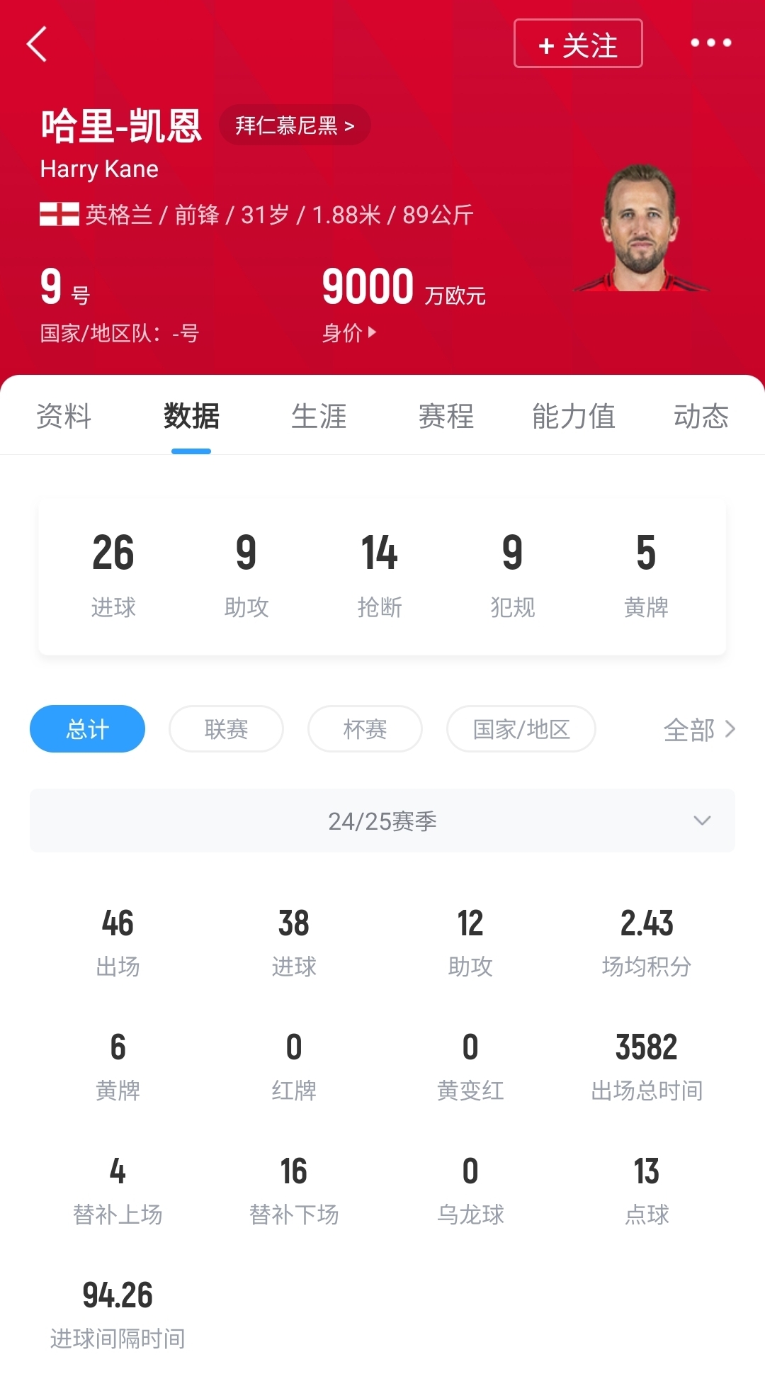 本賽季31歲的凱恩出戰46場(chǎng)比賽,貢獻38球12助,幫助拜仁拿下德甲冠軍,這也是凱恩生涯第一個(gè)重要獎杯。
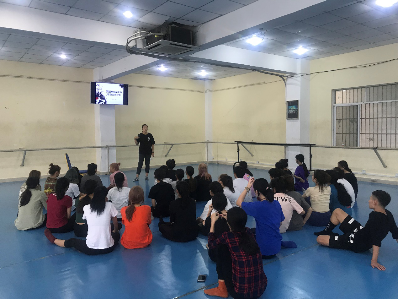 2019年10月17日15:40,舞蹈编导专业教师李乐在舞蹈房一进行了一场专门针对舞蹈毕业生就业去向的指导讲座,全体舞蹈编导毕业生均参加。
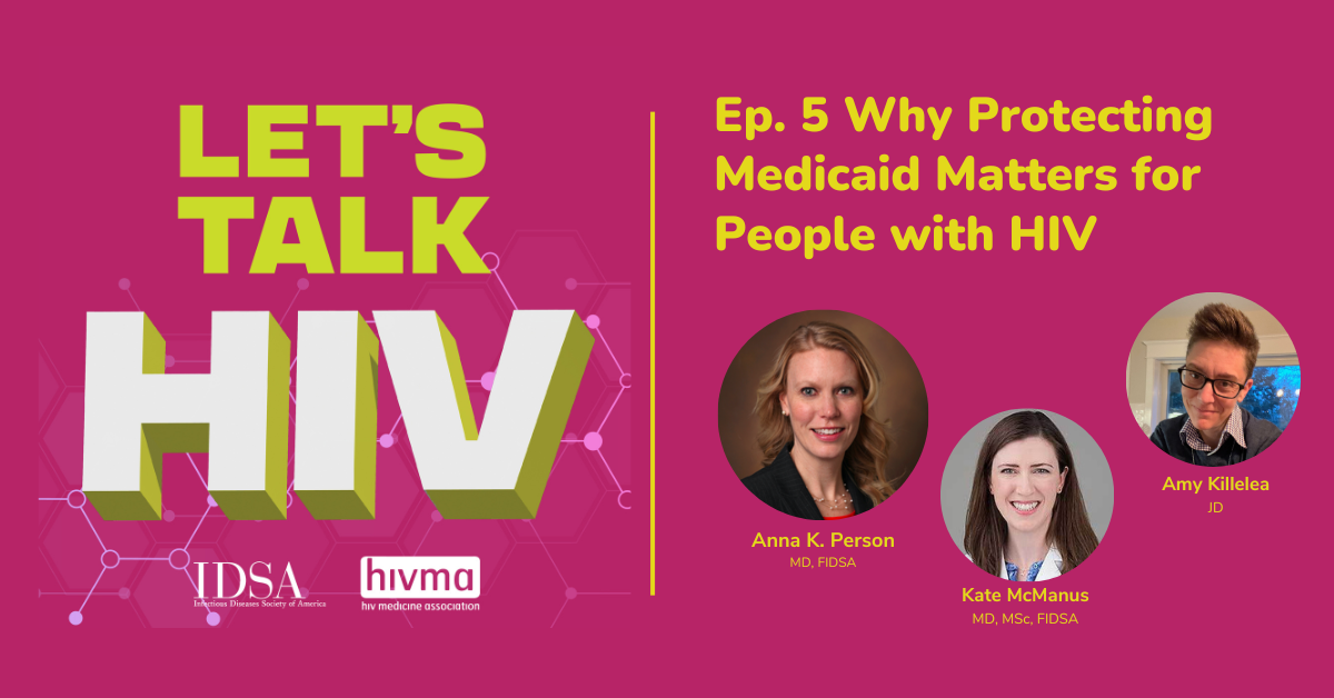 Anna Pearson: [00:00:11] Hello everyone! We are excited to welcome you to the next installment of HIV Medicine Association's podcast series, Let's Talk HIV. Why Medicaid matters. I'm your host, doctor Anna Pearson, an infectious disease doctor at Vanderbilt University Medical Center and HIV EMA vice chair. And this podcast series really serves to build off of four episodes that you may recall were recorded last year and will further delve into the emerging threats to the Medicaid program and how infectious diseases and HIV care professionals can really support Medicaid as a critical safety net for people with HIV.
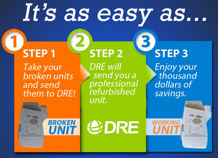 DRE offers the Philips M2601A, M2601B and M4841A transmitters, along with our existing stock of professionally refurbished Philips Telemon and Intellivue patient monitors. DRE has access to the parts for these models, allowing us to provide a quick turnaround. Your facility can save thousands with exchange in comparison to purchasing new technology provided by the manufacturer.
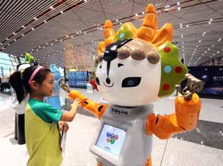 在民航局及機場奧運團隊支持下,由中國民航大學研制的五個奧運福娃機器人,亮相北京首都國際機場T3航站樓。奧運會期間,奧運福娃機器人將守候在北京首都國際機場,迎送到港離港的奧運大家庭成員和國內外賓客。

========================================

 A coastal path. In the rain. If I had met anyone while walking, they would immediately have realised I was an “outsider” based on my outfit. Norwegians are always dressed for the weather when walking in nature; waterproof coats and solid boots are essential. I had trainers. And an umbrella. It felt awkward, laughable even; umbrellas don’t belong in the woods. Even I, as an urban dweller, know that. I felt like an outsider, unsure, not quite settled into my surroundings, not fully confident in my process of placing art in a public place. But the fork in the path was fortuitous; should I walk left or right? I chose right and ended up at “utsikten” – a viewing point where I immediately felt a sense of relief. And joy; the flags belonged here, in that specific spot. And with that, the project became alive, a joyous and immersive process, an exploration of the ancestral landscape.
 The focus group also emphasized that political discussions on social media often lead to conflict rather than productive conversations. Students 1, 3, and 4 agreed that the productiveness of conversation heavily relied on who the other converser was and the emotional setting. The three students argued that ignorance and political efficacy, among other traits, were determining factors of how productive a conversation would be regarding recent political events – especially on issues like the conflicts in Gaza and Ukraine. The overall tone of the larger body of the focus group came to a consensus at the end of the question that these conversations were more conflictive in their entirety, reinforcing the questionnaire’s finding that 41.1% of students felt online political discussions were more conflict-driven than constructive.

========================================

What this task involves – Your copy should hold the lines from the one with "本賽季31歲的凱恩出戰46場" up to and including the one with "在民航局及機場奧運團隊支持下", exactly as in the data above, and no pictures.

Exercise response –
 本賽季31歲的凱恩出戰46場(chǎng)比賽,貢獻38球12助,幫助拜仁拿下德甲冠軍,這也是凱恩生涯第一個(gè)重要獎杯。
 2019年10月17日15:40,舞蹈编导专业教师李乐在舞蹈房一进行了一场专门针对舞蹈毕业生就业去向的指导讲座,全体舞蹈编导毕业生均参加。
 Anna Pearson: [00:00:11] Hello everyone! We are excited to welcome you to the next installment of HIV Medicine Association's podcast series, Let's Talk HIV. Why Medicaid matters. I'm your host, doctor Anna Pearson, an infectious disease doctor at Vanderbilt University Medical Center and HIV EMA vice chair. And this podcast series really serves to build off of four episodes that you may recall were recorded last year and will further delve into the emerging threats to the Medicaid program and how infectious diseases and HIV care professionals can really support Medicaid as a critical safety net for people with HIV.
 DRE offers the Philips M2601A, M2601B and M4841A transmitters, along with our existing stock of professionally refurbished Philips Telemon and Intellivue patient monitors. DRE has access to the parts for these models, allowing us to provide a quick turnaround. Your facility can save thousands with exchange in comparison to purchasing new technology provided by the manufacturer.
 在民航局及機場奧運團隊支持下,由中國民航大學研制的五個奧運福娃機器人,亮相北京首都國際機場T3航站樓。奧運會期間,奧運福娃機器人將守候在北京首都國際機場,迎送到港離港的奧運大家庭成員和國內外賓客。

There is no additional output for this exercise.